Phase II study of the hyper-CVAD regimen in combination with ofatumumab as frontline therapy for adults with CD-20 positive ALL

Category Primary study
JournalJournal of Clinical Oncology
Year 2014
Background: The hyperCVAD regimen is an effective frontline program for de novo adult ALL. CD20 expression was identified as an adverse prognostic factor, associated with a higher incidence of relapse and lower 3-year OS rates. Addition of rituximab to the hyperCVAD program in patients with CD20+ ALL improved outcome with 3-year CRD and OS rates by 68% and 65%, respectively. Ofatumumab targets a membrane proximal small-loop epitope on the CD20 molecule and was found to be more potent than rituximab.
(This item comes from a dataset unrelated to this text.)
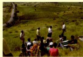
Students of JAU attended the training on Gir Forest of Dhari

Two days training on "Land Landscape Ecology of Greater Gir

Combination of the hyperCVAD regimen and ofatumumab may be associated with better responses and higher 3-year PFS and OS rates. Methods: Pts with newly diagnosed ALL and pts who received 1 prior course of chemotherapy received 8 courses of hyperCVAD alternating MTX-Ara-C; ofatumumab was given on courses 1 through 4. This treatment is to be followed by POMP maintenance therapy for approximately 30 months, interrupted by intensifications months 6, 7 and 18, 19 with MTX/Pegylated asparaginase and hyperCVAD-ofatumumab. CNS prophylaxis was administered. Results: 21 pts with de novo ALL and 2 pts in CR previously treated have received a median of 7 cycles; 7 pts did not receive the full 8 planned courses. 15 pts are receiving maintenance in CR. Median age is 50 years. All but 1 pt (95%) achieved CR after cycle 1; 1 pt died of septic shock at C1D21. 22/23 pts (95%) achieved MRD negativity as assessed by FCI; of whom 14 (64%) after induction. Grade ≥ 3 toxicity included increased LFT's in 7 pts (30%), increased bilirubin in 6 (26%), thrombotic events in 1 (4%) and neuropathy in 1 (4%). Febrile neutropenia episodes during induction and consolidation cycles were reported at rates of 71% and 77%, respectively. With a median follow-up of 12 months, 21 pts are alive; two patients developed sepsis and died at C1D21 and C3D17, respectively. 2 pts have undergone ASCT: due to the lack of MRD negativity achievement in one and a highly complex karyotype at diagnosis in the second; the first relapsed 7 months post ASCT. The 1-year PFS and OS rates were 91% and 91% respectively. Conclusions: The combination of hyperCVAD/ofatumumab is safe and highly effective in pts with CD20 + ALL.